Indexing phone reviews with embeddings and vector database

This Job reads phone review text files from a folder, splits the content into smaller chunks for better analysis, generates vector embeddings using Azure OpenAI, and stores them in a Pinecone vector database to enable semantic search.

Before you begin

Before running this Job, ensure you have:

An active Azure OpenAI account with access to the text-embedding-3-small model.
Your Azure OpenAI API key and endpoint configured.
A Pinecone account with an index created for storing embeddings.
Your Pinecone API key and host endpoint configured.
Downloaded the archive file tembeddingai-tpineconeclient_phone-review-files.zip and extracted the LG.txt and Iphones.txt files.
Created the directory <folder_path>/phone-reviews/ with the phone review text files.

Linking the components

Procedure

Drag and drop the following components from the Palette: tFileList, tFileInputRaw, tJavaFlex, tEmbeddingAI, tMap, tPineconeClient, and three tLogRow components.
Connect tFileList to tFileInputRaw using a Trigger > Iterate connection.
Connect tFileInputRaw to tJavaFlex using a Row > Main connection.
Connect tJavaFlex to the first tLogRow using a Row > Main connection.
Connect the tLogRow to tEmbeddingAI using a Row > Main connection.
Connect tEmbeddingAI to the second tLogRow using a Row > FLOW connection.
Connect tLogRow to tMap using a Row > Main connection.
Connect tMap to tPineconeClient using a Row > Main connection.
Connect tPineconeClient to the last tLogRow using a Row > FLOW connection.
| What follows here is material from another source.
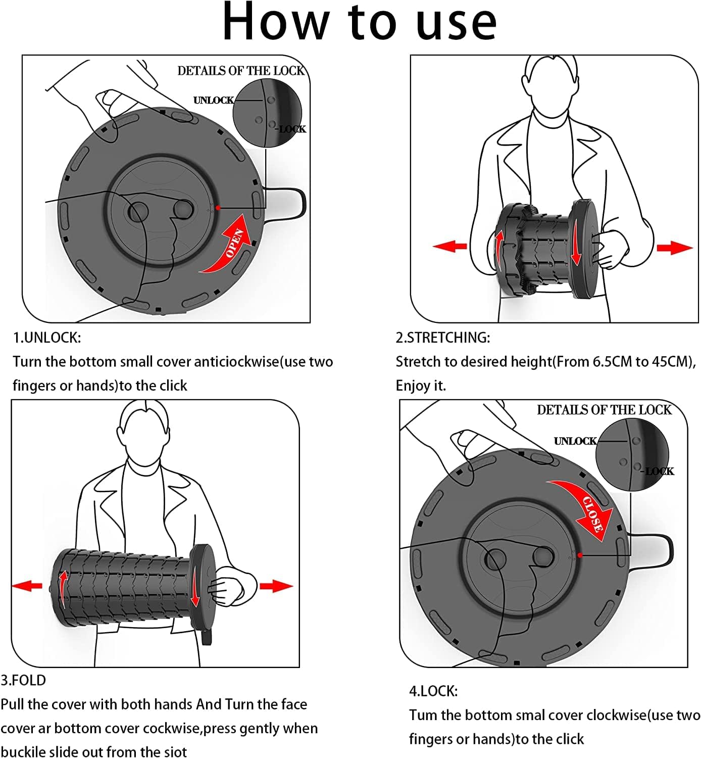 - 【ADJUSTABlE HEIGHT】 This Portable Stool can be adjusted to your desired height within the range of 2.4 to 17.71 inches. This makes it suitable for most adults to use anywhere!

Configuring the components

About this task

This Job processes phone review text files from a folder, splits the content into smaller chunks for better analysis and more precise semantic search, generates embeddings for each chunk, and stores them with metadata in Pinecone.

Procedure

Double-click the tFileList component to open its Component view.
In the Basic settings tab, configure the following parameters:
- In the Directory field, enter or select: "<folder_path>/phone-reviews/"
- In the Files field, add a line and enter: "*.txt" to list all text files in the directory (LG.txt and Iphones.txt).
Click OK to close the component view.
Double-click the tFileInputRaw component to open its Component view.
In the Basic settings tab, configure the following parameters:
- In the Filename field, enter: ((String)globalMap.get("tFileList_1_CURRENT_FILEPATH")) to read each phone review file from the list.
Click Edit schema and verify the schema has the following column:
- chunk (String)
Click OK to close the schema editor and OK to close the component view.
Double-click the tJavaFlex component to open its Component view.

In the Basic settings tab, configure the following:

Click Sync columns to retrieve the column schema from the previous component.

In the Start code field, enter the following code:

//String regex = "(?:\\d(?:\\.\\d)?[A-Z]{5})\\b";
//Pattern pattern = Pattern.compile(regex);
int nbParts=2;

In the Main code field, enter the following code to convert byte content to string and split into smaller chunks:

 //System.out.println(part);
String input = row7.content.toString();
String[] lines = input.split("\\r?\\n");
int nbLines=lines.length;
int linesPerPart = nbLines / nbParts;
int remainder = nbLines % nbParts;
int linesProcessed = 0;
//System.out.println("nb lines:"+nbLines); 
 for (int i = 0; i < nbParts; i++) {
            StringBuilder partBuilder = new StringBuilder();
            int linesInThisPart = linesPerPart + (remainder > 0 ? 1 : 0);
            remainder--;
            for (int j = 0; j < linesInThisPart; j++) {
            partBuilder.append(lines[linesProcessed]).append(" ");
            linesProcessed++;
            }
                           
            String body=partBuilder.toString();
            row8.chunk=body;
            //System.out.println("text:"+body);
            globalMap.put("id",((String)globalMap.get("tFileList_1_CURRENT_FILE"))+i);
            globalMap.put("chunk",body);

Note: This code splits the phone review text into smaller chunks to facilitate better analysis and more precise semantic search in the vector database.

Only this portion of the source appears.